▶ [Task item]: Output the records exactly, and drop each picture.
--- START ---
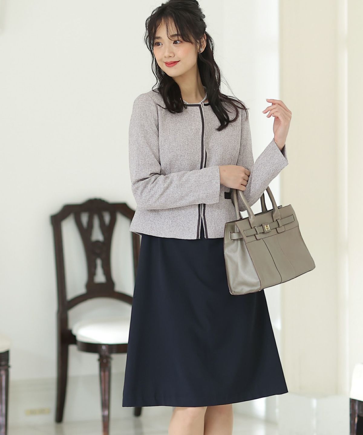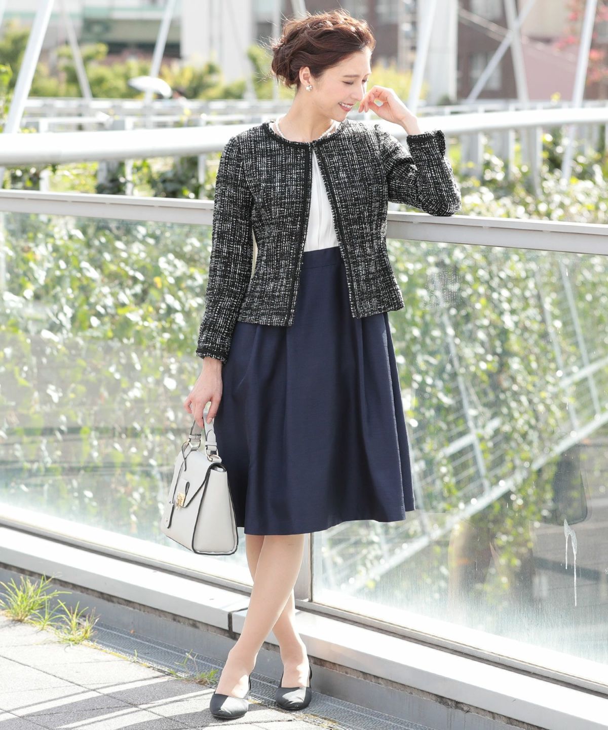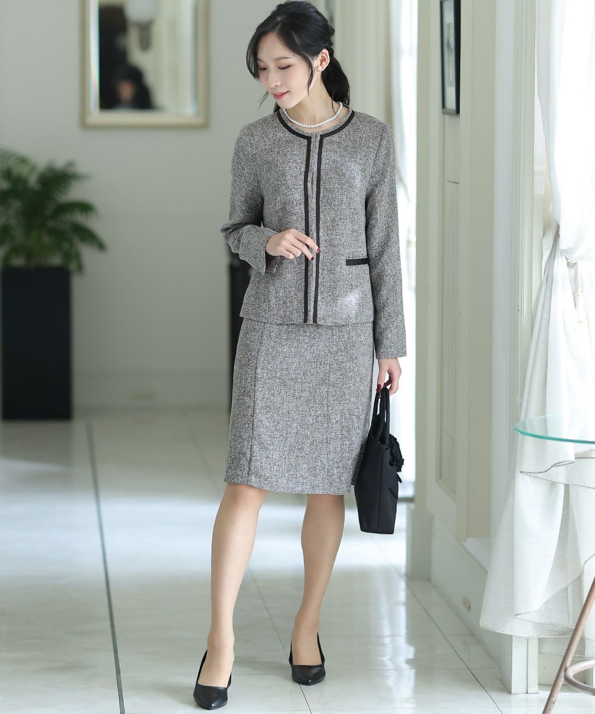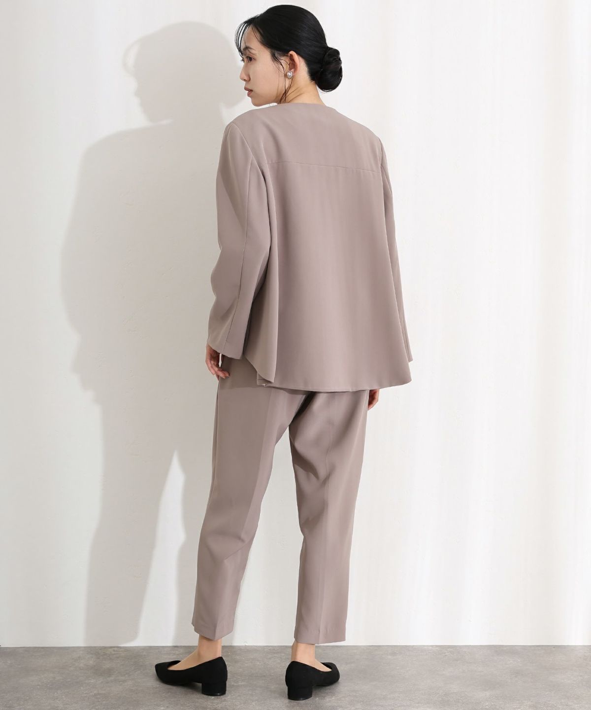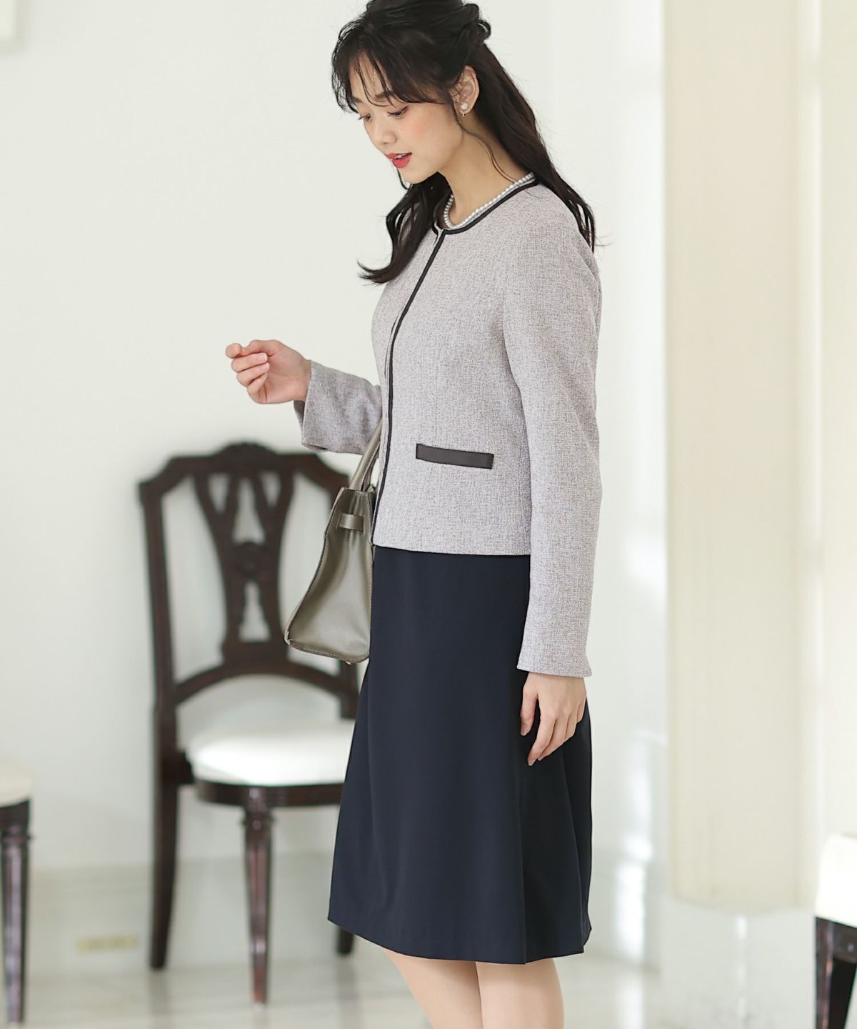オフの日やカジュアルなイベントには、リラックス感のあるスーツがおすすめです。軽やかな素材と明るいカラーで、柔らかい雰囲気をプラス。
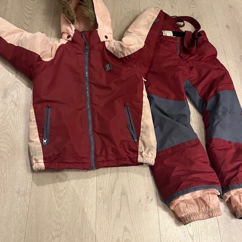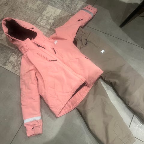Selger et pent brukt skisett til jente str 116. Kjøpt nytt til 800kr på Obs. Merke er «friends». Holder godt i både kulden og i vått vær.
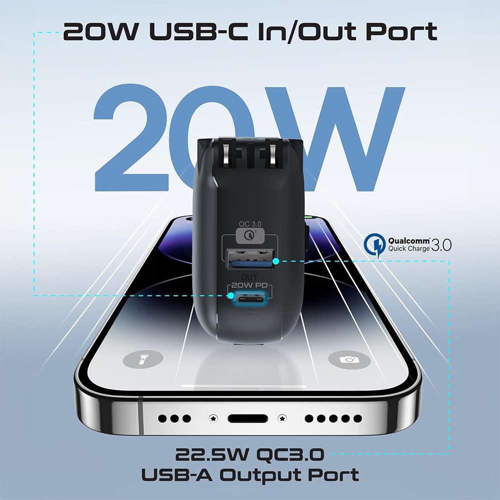 USB-A Output 5V/3A, 5V/4.5A (SCP), 9V/2A, 12V/1.5A (22.5W)
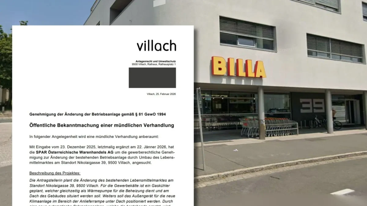 Die Spatzen pfeifen es bereits von den Dächern: Aus der ehemaligen BILLA-Filiale in der Nikolaigasse in Villach könnte demnächst ein SPAR-Supermarkt werden. Der Lebensmittelhändler hat bereits um die gewerberechtliche Genehmigung zur Änderung der bestehenden Betriebsanlage angesucht. Der 5 Minuten Redaktion liegen entsprechende Dokumente vor. Der Standort soll modernisiert und umgebaut werden. Noch hält sich die SPAR Österreichische Warenhandels-AG dazu aber bedeckt, immerhin findet die mündliche Verhandlung erst am Donnerstag, dem 12. März 2026, statt. Auf Nachfrage von 5 Minuten heißt es daher lediglich, dass nähere Details dazu Mitte des Monats bekannt geben werden.
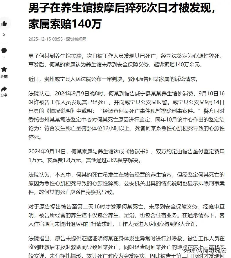 近日,贵州威宁发生一起令人唏嘘的事件。一名男子前往养生馆按摩并留宿,直到次日下午4点才被工作人员发现已经离世。警方调查排除刑事案件可能,尸检鉴定结果显示男子系心源性猝死,死亡时间已超过12小时。 事发后,男子家属对养生馆提出质疑,认为其未能及时发现男子身体异常并进行有效救治,导致悲剧发生,遂提起诉讼,并索赔高达140万元。案件一经公开,立刻引发社会热议:养生馆作为服务场所,应承担多大责任?面对突发健康状况,商家到底应该如何应对? 法院审理后认为,养生馆虽负有一定的安全保障义务,但猝死属于突发性心源性事件,难以通过常规服务完全预防。此外,鉴于男子当日无明显异常表现,养生馆未能及时发现亦属情理之中,责任有限。最终判决驳回家属大部分赔偿请求,法院判决养生馆承担部分赔偿责任。 这起案件引发了我们对公共服务场所安全管理的更深入思考。生命无价,突发疾患时刻可能发生在任何人身上,无论是消费者还是经营者,都需要更强的安全意识与责任担当。养生馆等服务业者应加强设施管理和紧急救援培训,提高遇紧急状况的反应能力;同时,消费者也应增强自身健康风险认识,合理安排养生疗程。 网友对此案众说纷纭,有人为养生馆“无可奈何”的处境叫屈,也有网友同情家属的痛失之情,更多人呼吁完善行业规范,设立紧急医疗救护预案,守护每一个生命的安全。 这场悲剧让我们看到了生命的脆弱,也提醒了社会各界——安全责任不应只停留在口头,制度和预防才是真正的生命守护神。唯有共建更加安全、负责的服务环境,才能让每一份关爱都落到实处。 中年猝死 心源性猝死
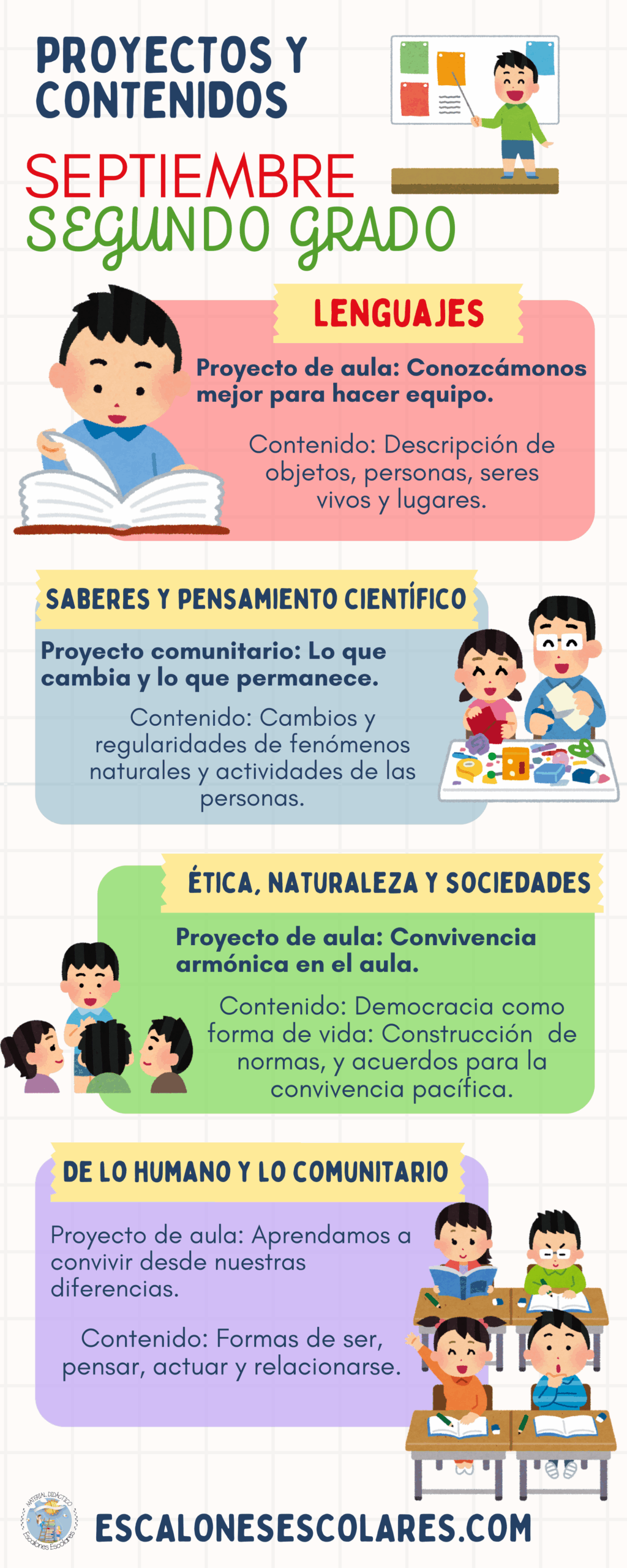 Cuenta con material de apoyo visual, cuadernillo de Múltiples Lenguajes y actividades de Conocimiento Matemático.
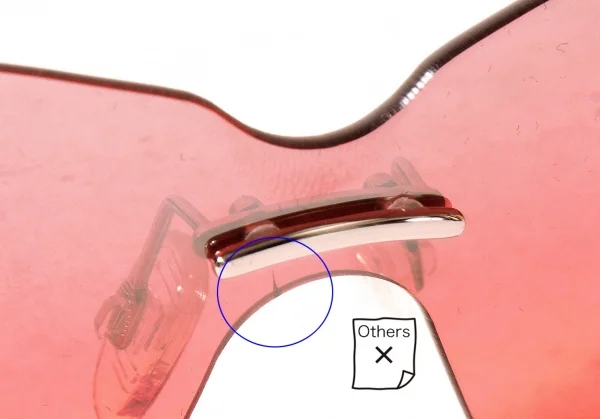 鼻幅に割れ目があります。(写真参照)その他目立った傷などはないです。お客様一人一人の視力、骨格、鼻幅、耳の高さが違います。このような理由からオンラインショップでの度付きレンズ販売はしておりません。 お手数をおかけしますが、度入りレンズはお近くの眼鏡店等でお買い求めください。 他眼鏡店にてレンズの入れ替え、調整等に生じた不具合、破損については一切の責任を負いかねますので予めご了承下さい。
--- END ---
▶ [Response to the task]:
オフの日やカジュアルなイベントには、リラックス感のあるスーツがおすすめです。軽やかな素材と明るいカラーで、柔らかい雰囲気をプラス。
Selger et pent brukt skisett til jente str 116. Kjøpt nytt til 800kr på Obs. Merke er «friends». Holder godt i både kulden og i vått vær.
 USB-A Output 5V/3A, 5V/4.5A (SCP), 9V/2A, 12V/1.5A (22.5W)
 Die Spatzen pfeifen es bereits von den Dächern: Aus der ehemaligen BILLA-Filiale in der Nikolaigasse in Villach könnte demnächst ein SPAR-Supermarkt werden. Der Lebensmittelhändler hat bereits um die gewerberechtliche Genehmigung zur Änderung der bestehenden Betriebsanlage angesucht. Der 5 Minuten Redaktion liegen entsprechende Dokumente vor. Der Standort soll modernisiert und umgebaut werden. Noch hält sich die SPAR Österreichische Warenhandels-AG dazu aber bedeckt, immerhin findet die mündliche Verhandlung erst am Donnerstag, dem 12. März 2026, statt. Auf Nachfrage von 5 Minuten heißt es daher lediglich, dass nähere Details dazu Mitte des Monats bekannt geben werden.
 近日,贵州威宁发生一起令人唏嘘的事件。一名男子前往养生馆按摩并留宿,直到次日下午4点才被工作人员发现已经离世。警方调查排除刑事案件可能,尸检鉴定结果显示男子系心源性猝死,死亡时间已超过12小时。 事发后,男子家属对养生馆提出质疑,认为其未能及时发现男子身体异常并进行有效救治,导致悲剧发生,遂提起诉讼,并索赔高达140万元。案件一经公开,立刻引发社会热议:养生馆作为服务场所,应承担多大责任?面对突发健康状况,商家到底应该如何应对? 法院审理后认为,养生馆虽负有一定的安全保障义务,但猝死属于突发性心源性事件,难以通过常规服务完全预防。此外,鉴于男子当日无明显异常表现,养生馆未能及时发现亦属情理之中,责任有限。最终判决驳回家属大部分赔偿请求,法院判决养生馆承担部分赔偿责任。 这起案件引发了我们对公共服务场所安全管理的更深入思考。生命无价,突发疾患时刻可能发生在任何人身上,无论是消费者还是经营者,都需要更强的安全意识与责任担当。养生馆等服务业者应加强设施管理和紧急救援培训,提高遇紧急状况的反应能力;同时,消费者也应增强自身健康风险认识,合理安排养生疗程。 网友对此案众说纷纭,有人为养生馆“无可奈何”的处境叫屈,也有网友同情家属的痛失之情,更多人呼吁完善行业规范,设立紧急医疗救护预案,守护每一个生命的安全。 这场悲剧让我们看到了生命的脆弱,也提醒了社会各界——安全责任不应只停留在口头,制度和预防才是真正的生命守护神。唯有共建更加安全、负责的服务环境,才能让每一份关爱都落到实处。 中年猝死 心源性猝死
 Cuenta con material de apoyo visual, cuadernillo de Múltiples Lenguajes y actividades de Conocimiento Matemático.
 鼻幅に割れ目があります。(写真参照)その他目立った傷などはないです。お客様一人一人の視力、骨格、鼻幅、耳の高さが違います。このような理由からオンラインショップでの度付きレンズ販売はしておりません。 お手数をおかけしますが、度入りレンズはお近くの眼鏡店等でお買い求めください。 他眼鏡店にてレンズの入れ替え、調整等に生じた不具合、破損については一切の責任を負いかねますので予めご了承下さい。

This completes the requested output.